Entries taken from a collection:

::::::

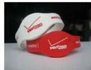
4.Silicone Wristbands (Full Sealed Type)
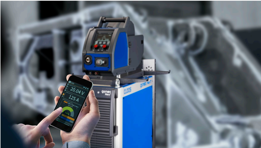
Photo 1: C-Gate now also offers a comprehensive online monitoring of the QINEO welding machines.

More information: https://c-gate.cloos.de/en/
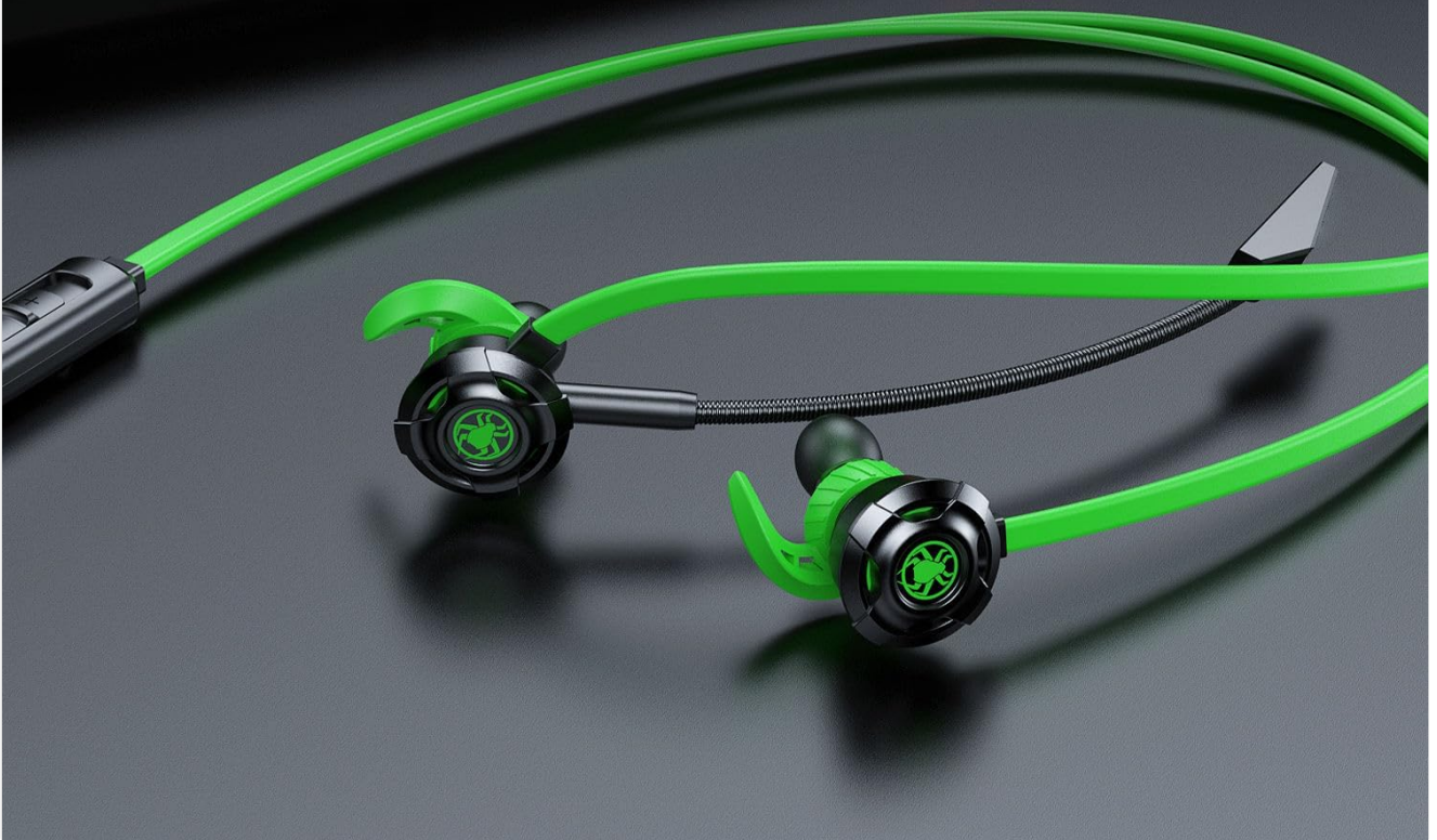
Figure 1: Earphone design with ear hooks and ear tips for comfortable wear.

Long wheeat is pluggable, portable and convenient
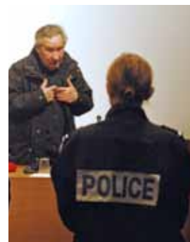
Above: Robert Badinter, lawyer and former Minister, during the colloquium for the lawyers from the Paris Bar.
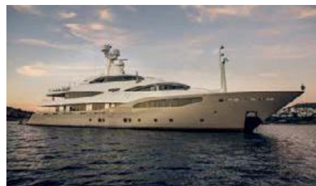
LIGHT HOLIC Length: 60.00 m Guest/Crew: 12/15 Area: West Mediterranean Rate: From EUR 320 000/week
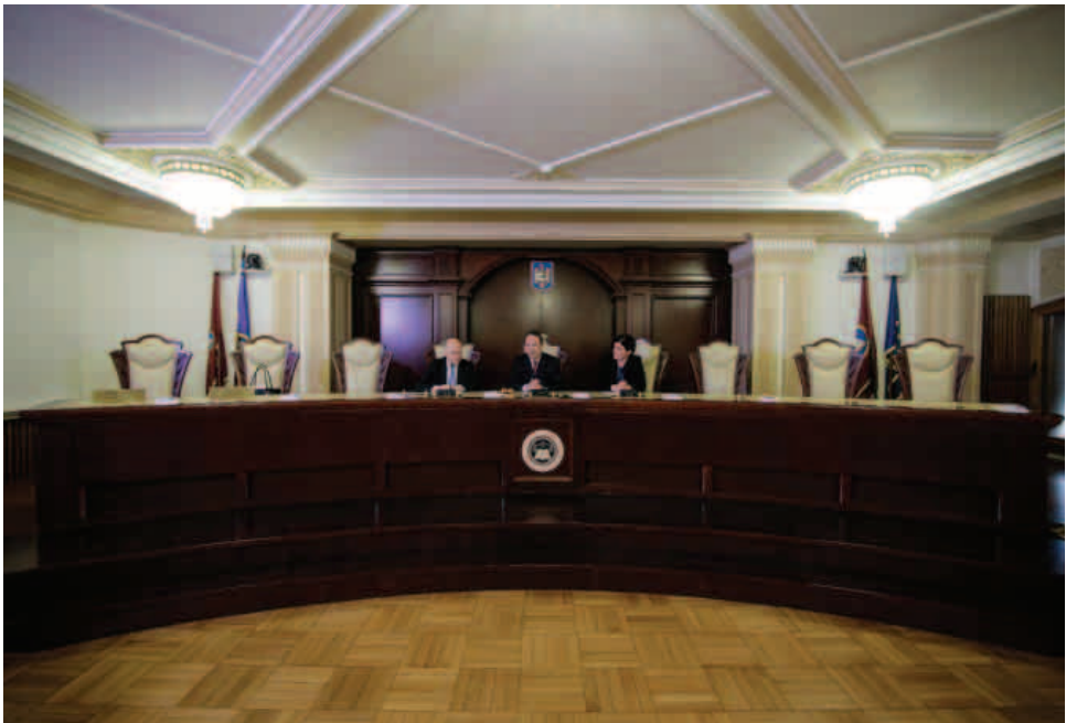
The visit of the President of the European Union's Court of Justice, Koen Lenaerst, at the Romanian Constitutional Court's office, in Bucharest, Monday, November 6, 2017.
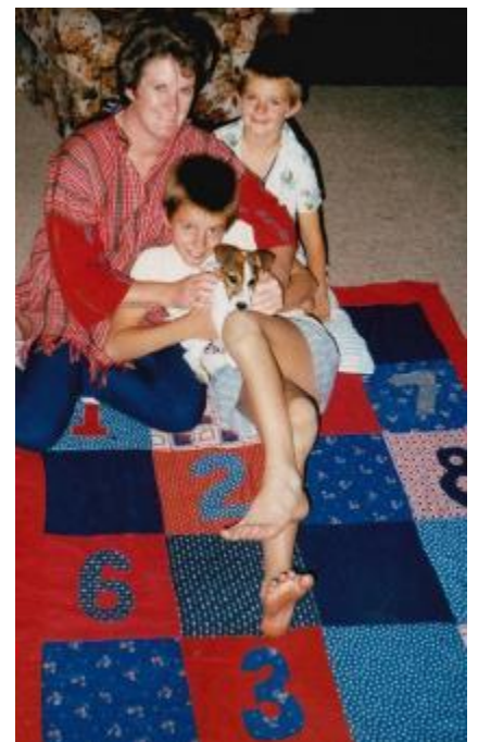
My first quilt—1990s
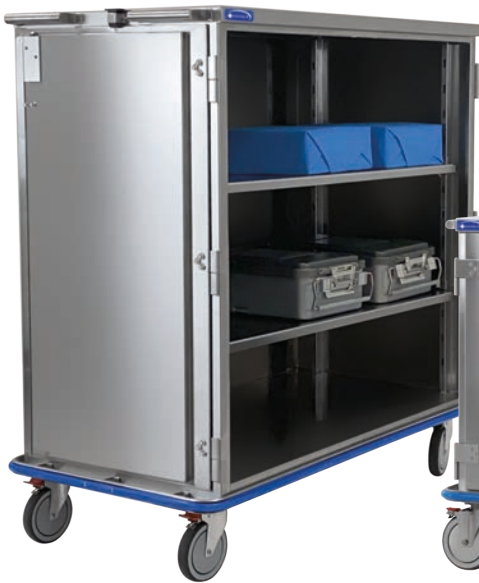
BOLTED CASE CARTS

Case Carts are abused daily, which can lead to damage. With Bolted (vs. welded) Construction , LogiQuip Case Carts are easily serviced to reduce downtime and extend the life of your Case Carts .
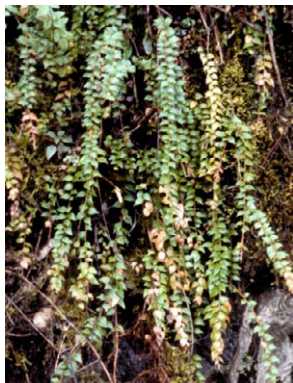
348 Sphyrsopermum sodiroi
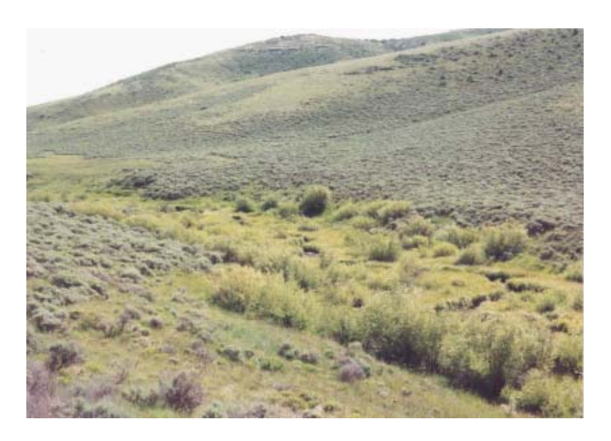
Page 34-2 Riparian shrubland, McCarty Creek
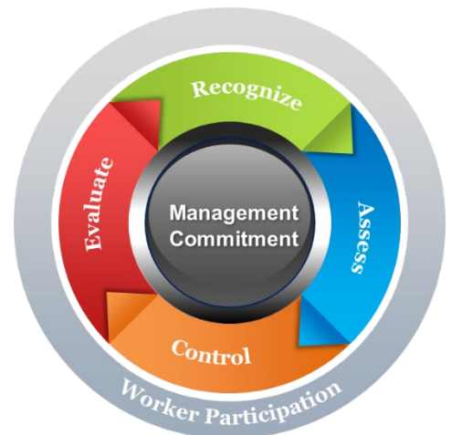
Figure 1: Hazard Management Cycle
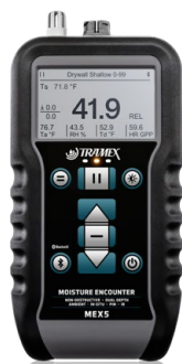
Product code: MEX5
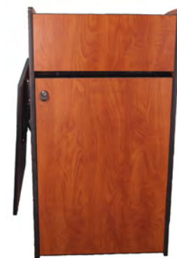
BACK Audience/classroom side
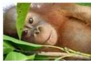
Bunga Sex: Female DOB: Nov 2009

The Year 10 Social Justice Committee would like to thank the whole school for such a wonderful effort in saving these beautiful creatures.

::::::

PROBLEM STATEMENT - The answer must consist solely of the lines from the one with "Long wheeat is" through the final line of the data, each reproduced exactly and with pictures omitted.

ANSWER TO THE PROBLEM -
Long wheeat is pluggable, portable and convenient
Above: Robert Badinter, lawyer and former Minister, during the colloquium for the lawyers from the Paris Bar.
LIGHT HOLIC Length: 60.00 m Guest/Crew: 12/15 Area: West Mediterranean Rate: From EUR 320 000/week
The visit of the President of the European Union's Court of Justice, Koen Lenaerst, at the Romanian Constitutional Court's office, in Bucharest, Monday, November 6, 2017.
My first quilt—1990s
BOLTED CASE CARTS

Case Carts are abused daily, which can lead to damage. With Bolted (vs. welded) Construction , LogiQuip Case Carts are easily serviced to reduce downtime and extend the life of your Case Carts .
348 Sphyrsopermum sodiroi
Page 34-2 Riparian shrubland, McCarty Creek
Figure 1: Hazard Management Cycle
Product code: MEX5
BACK Audience/classroom side
Bunga Sex: Female DOB: Nov 2009

The Year 10 Social Justice Committee would like to thank the whole school for such a wonderful effort in saving these beautiful creatures.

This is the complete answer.